[Date Prev][Date Next][Thread Prev][Thread Next][Date Index][Thread Index]

Re: Status of Operational issues with Tiny Fragments in IPv6



On May 26, 2006, at 1:21 AM, Elwyn Davies wrote:
I would suggest that rather than making this into a separate draft we can look at improving the text in the security overview (if necessary) given that we are probably going to have to do *another* round on this one.

That seems rational to me.

A quick comment:

- no overlapping fragments and
- non-last fragments to be close to the guaranteed minimum MTU.

I think the latter point wants to read "non-last fragments close to the PATH MTU, and therefore at least as large as the largest fragment size less than or equal in size to the minimum MTU."

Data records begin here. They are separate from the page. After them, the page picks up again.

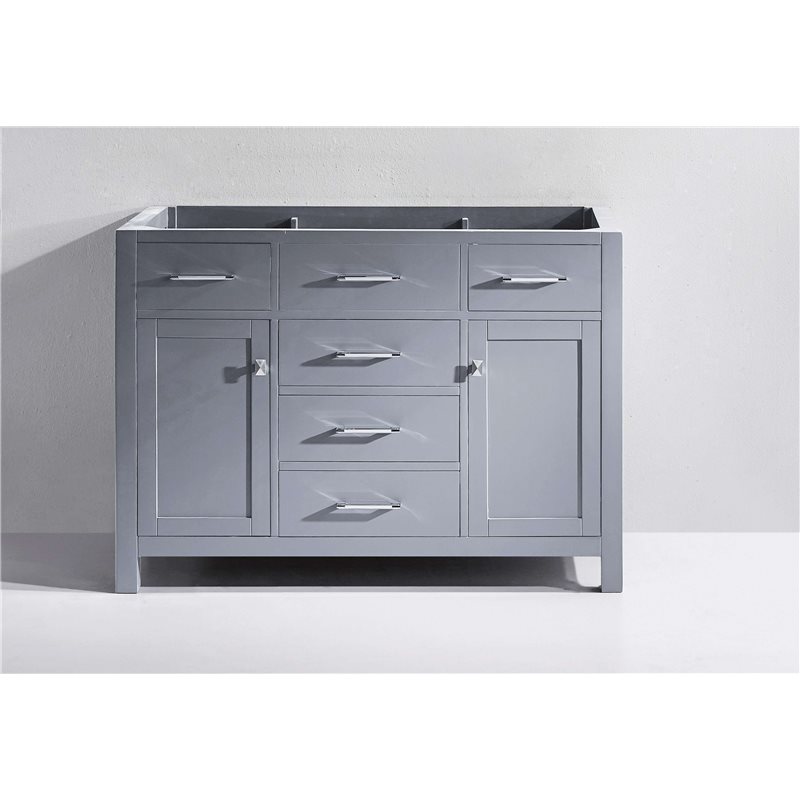 The Caroline collection has a beautiful, clean design that will rejuvenate any bathroom. It is constructed from a high quality solid oak wood, finished in a classic Grey or white finish and equipped with state of the art, soft closing door and drawer technology.Virtu USA has taken the initiative by changing the vanity industry and adding soft closing doors and drawers to their entire product line. The premium soft-closing hardware not only increases the safety of the vanity, but also its lifetime reliability.Specifications: • Main Cabinet (1): 47.24 in. W x 21.65 in. D x 33.46 in. H Features: • Grey Cabinet Finish • Solid Oak Wood • Water Resistant Low V.O.C Sealer • Adjustable hinges and slides • 2 Doors with Concealed Hinges • 5 Drawers with Soft Closing Hinges • Designer Chrome Handles with Satin Nickel Highlights & Brushed Nickel Knobs • Faucet sold separately • Minimal assembly required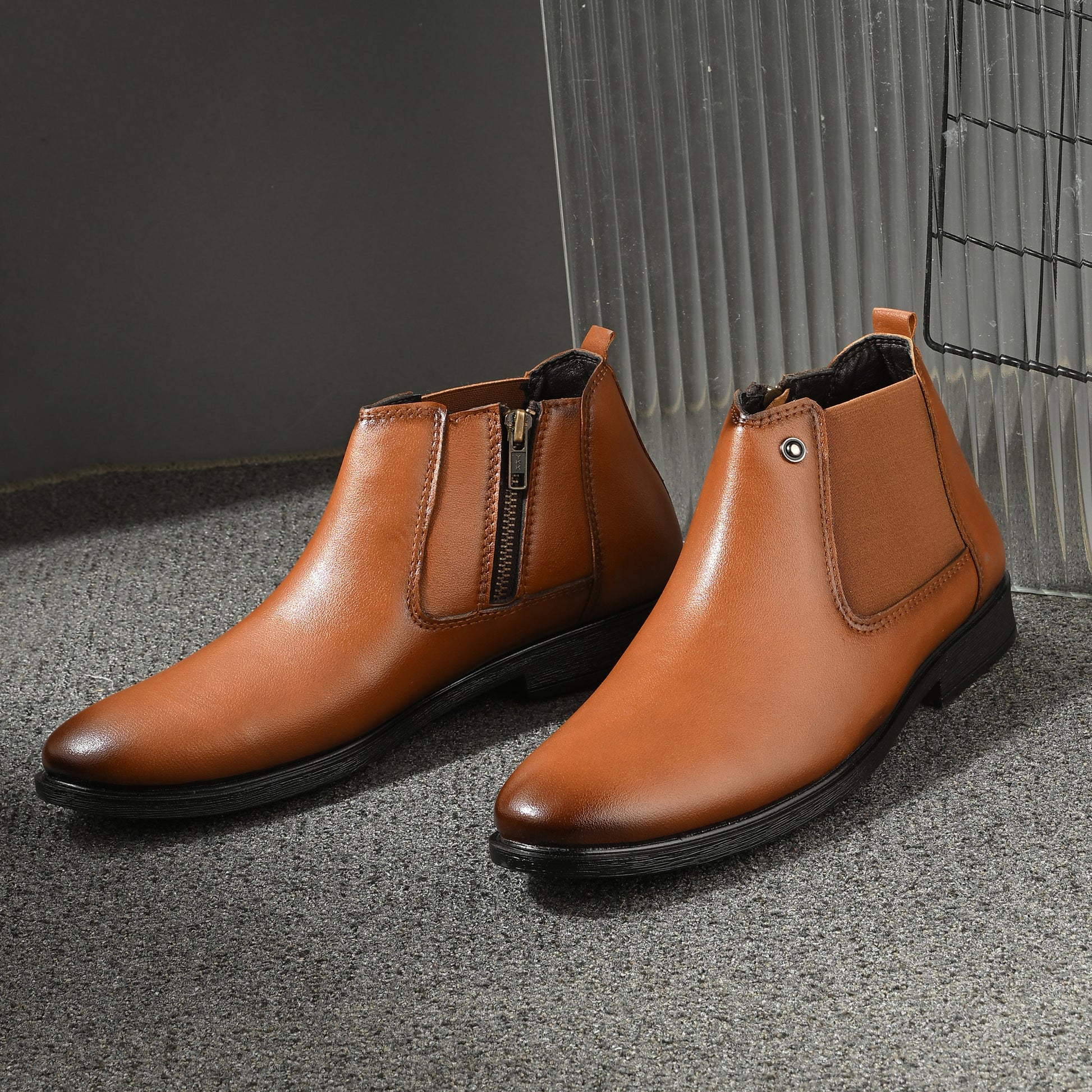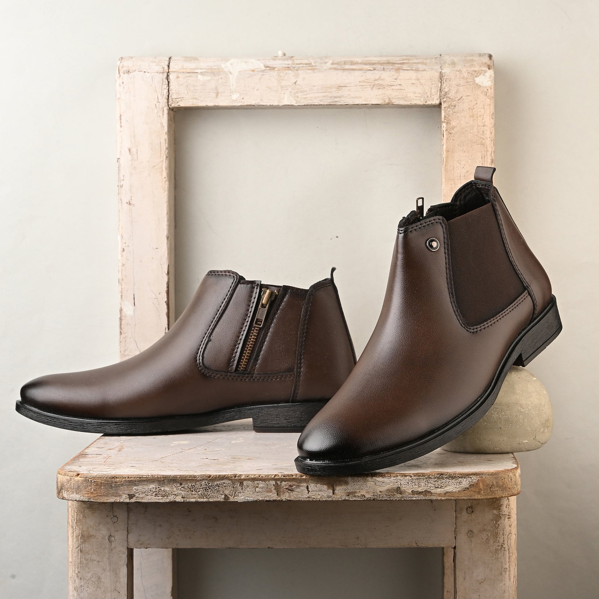 Versatile and effortlessly stylish, our casual Chelsea boots for men blend classic design with modern comfort. Crafted from premium leather, these boots feature a sleek silhouette with elastic side panels and Zip closure for easy wear. Perfect for any occasion, from casual outings to semi-formal gatherings, they exude timeless sophistication with every step.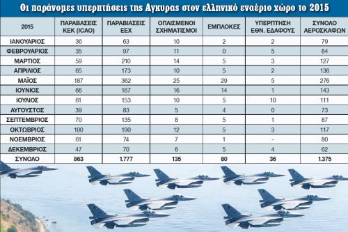 Στον συνολικό πίνακα που έδωσε το Γενικό Επιτελείο καταγράφονται 863 παραβιάσεις των Κανόνων Εναερίου Κυκλοφορίας (ΚΕΚ) εντός του FIR Αθηνών και 1.777 παραβάσεις (!) του εθνικού εναέριου χώρου, υποχρεώνοντας τους Ελληνες πιλότους να αναχαιτίζουν καθημερινά τους εισβολείς. Στις αερομαχίες που έλαβαν χώρα σημειώθηκαν 80 εμπλοκές.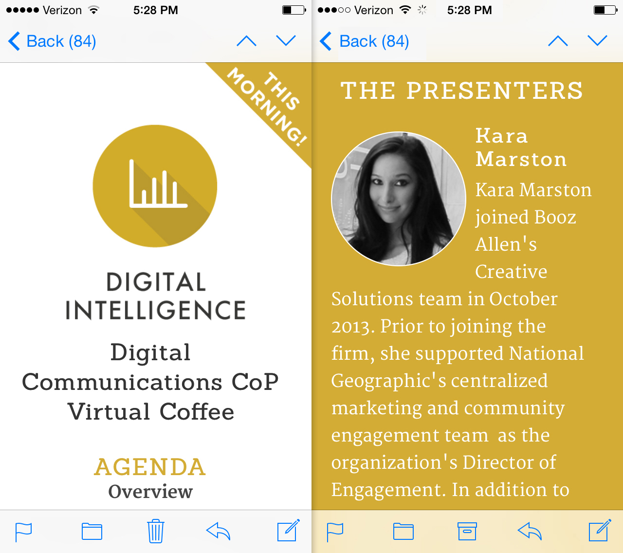 From 2007 to 2014, I was an art director for Booz Allen Hamilton. And from 2014 to 2024, I worked for two Silicon Valley tech companies, MarkLogic and Redis. In June, I joined Guidehouse.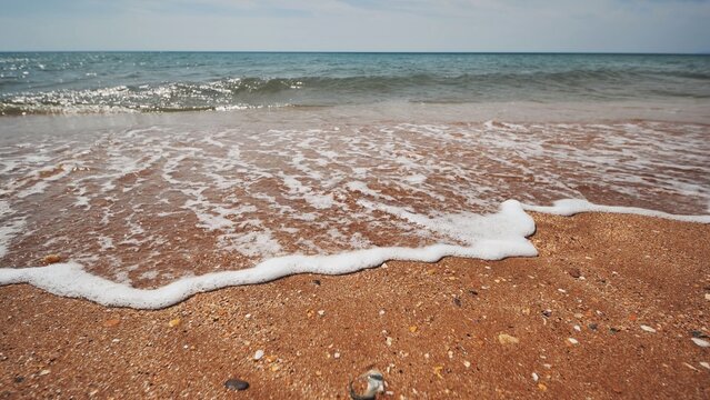 Golden sunset waves lapping sand with lone seashell on tranquil shoreline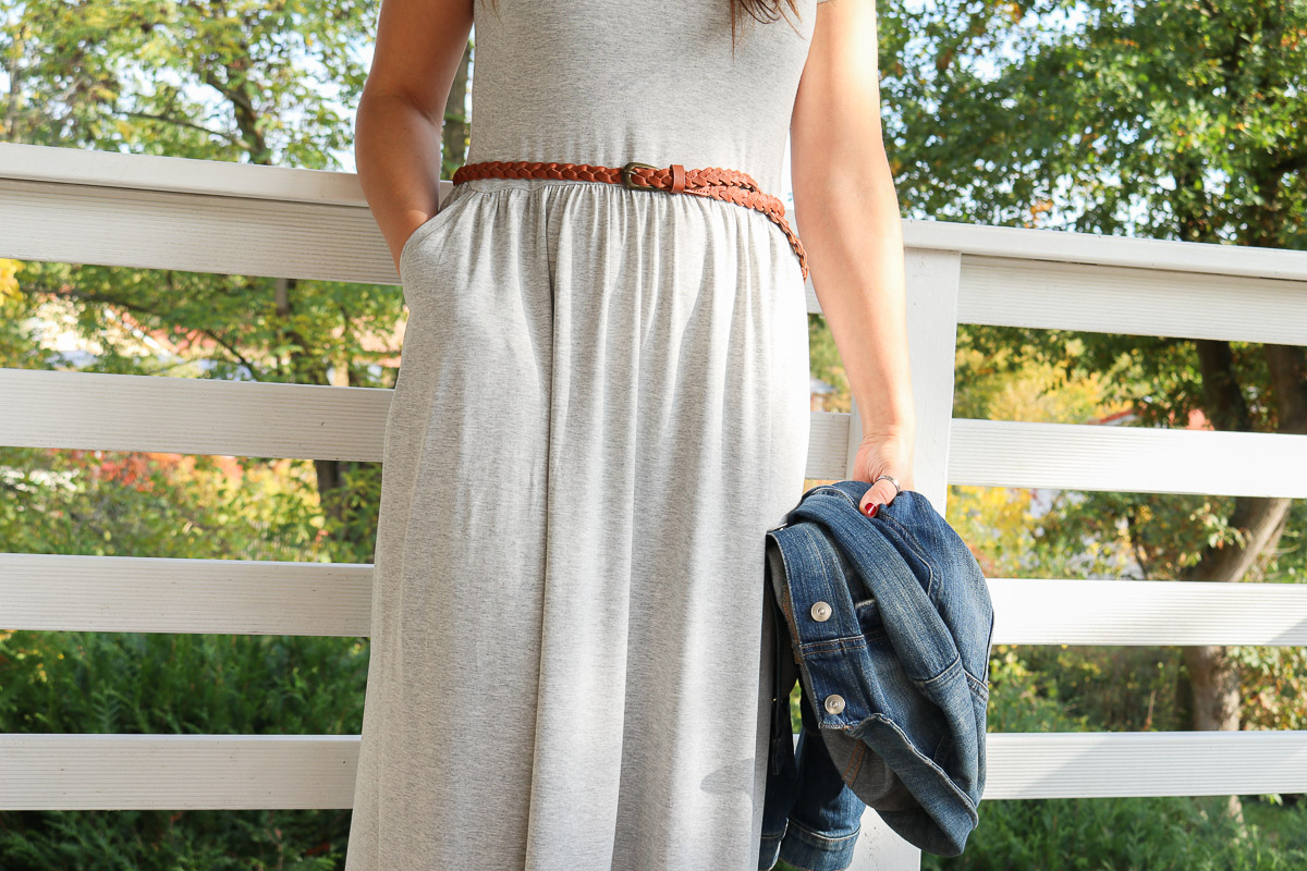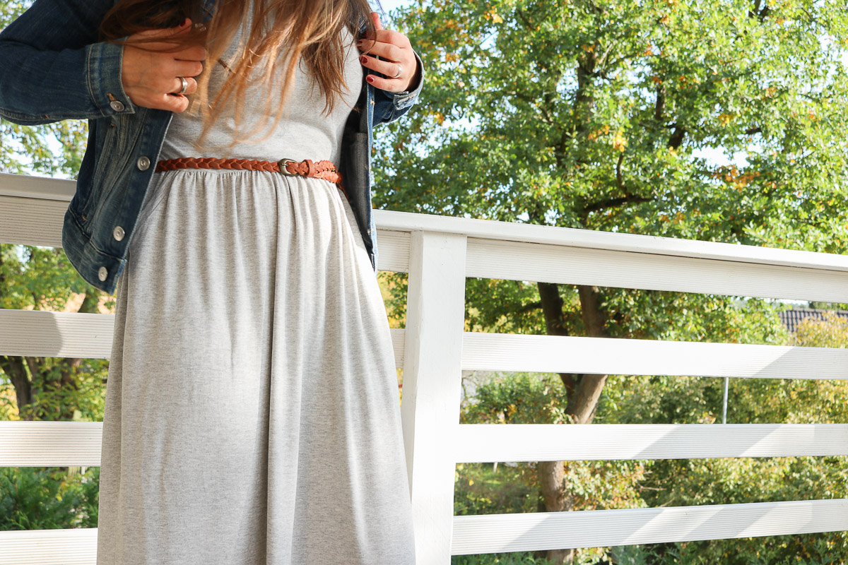 Seit ein paar Jahren sammel ich Nähinspirationen auf Pinterest und manchmal komm ich dazu diese auch wirklich umzusetzen. So wie dieses Nähprojekt. Ich wollte mir ein graues langes Kleid nähen. Das ich lange Röcke mag, wisst ihr ja schon – drei habe ich mir schon genäht: einen rosafarbenden, einen schwarzen, einen bunten und einen aus Glencheck. Und ich muss sagen, ich liebe sie. Vor allem kann man die Sommerröcke auch gut im Herbst tragen, denn niemand sieht die Leggings oder Strumpfhose darunter.

There is a discussion of fragmentation and reassembly in RFC 1812 section 4.2.2.7 that may be useful to reference, or at least learn lessons from. In part, this results from the behavior of NIC cards in the late 1980's that couldn't reliably receive datagrams back to back for very long due to chip or memory issues, and partly this is is due to brain-dead behaviors in early end-station OS's. One issue was that many systems sent packets at the minimum MTU size (then 576 bytes, derived from the memory structure of the Fuzzball and BBN Routers) rather than at the path MTU, which meant that there were greater opportunities for per-datagram errors because there were more of them. There were also various strategies on how to fragment - should the first datagram be the smallest, the last, or should the fragmenting system try to make them all approximately the same size? It makes some specific recommendations:

4.2.2.7 Fragmentation: RFC 791 Section 3.2

   Fragmentation, as described in [INTERNET:1], MUST be supported by a
   router.

When a router fragments an IP datagram, it SHOULD minimize the number of fragments. When a router fragments an IP datagram, it SHOULD send the fragments in order. A fragmentation method that may generate one
   IP fragment that is significantly smaller than the other MAY cause
   the first IP fragment to be the smaller one.

   DISCUSSION
      There are several fragmentation techniques in common use in the
      Internet.  One involves splitting the IP datagram into IP
      fragments with the first being MTU sized, and the others being
approximately the same size, smaller than the MTU. The reason for
      this is twofold.  The first IP fragment in the sequence will be
      the effective MTU of the current path between the hosts, and the
      following IP fragments are sized to minimize the further
      fragmentation of the IP datagram.  Another technique is to split
      the IP datagram into MTU sized IP fragments, with the last
fragment being the only one smaller, as described in [INTERNET:1].

      A common trick used by some implementations of TCP/IP is to
fragment an IP datagram into IP fragments that are no larger than
      576 bytes when the IP datagram is to travel through a router.
      This is intended to allow the resulting IP fragments to pass the
      rest of the path without further fragmentation.  This would,
      though, create more of a load on the destination host, since it
would have a larger number of IP fragments to reassemble into one IP datagram. It would also not be efficient on networks where the
      MTU only changes once and stays much larger than 576 bytes.
Examples include LAN networks such as an IEEE 802.5 network with a
      MTU of 2048 or an Ethernet network with an MTU of 1500).

      One other fragmentation technique discussed was splitting the IP
      datagram into approximately equal sized IP fragments, with the
      size less than or equal to the next hop network's MTU.  This is
      intended to minimize the number of fragments that would result
      from additional fragmentation further down the path, and assure
      equal delay for each fragment.

Routers SHOULD generate the least possible number of IP fragments.

      Work with slow machines leads us to believe that if it is
      necessary to fragment messages, sending the small IP fragment
      first maximizes the chance of a host with a slow interface of
      receiving all the fragments.

I think the NIC card issue (where should the smallest fragment be?) is historical and not to be worried about. But the matter of generating (by whatever algorithm) the least number of fragments that can represent a transport-level message is, I think, important.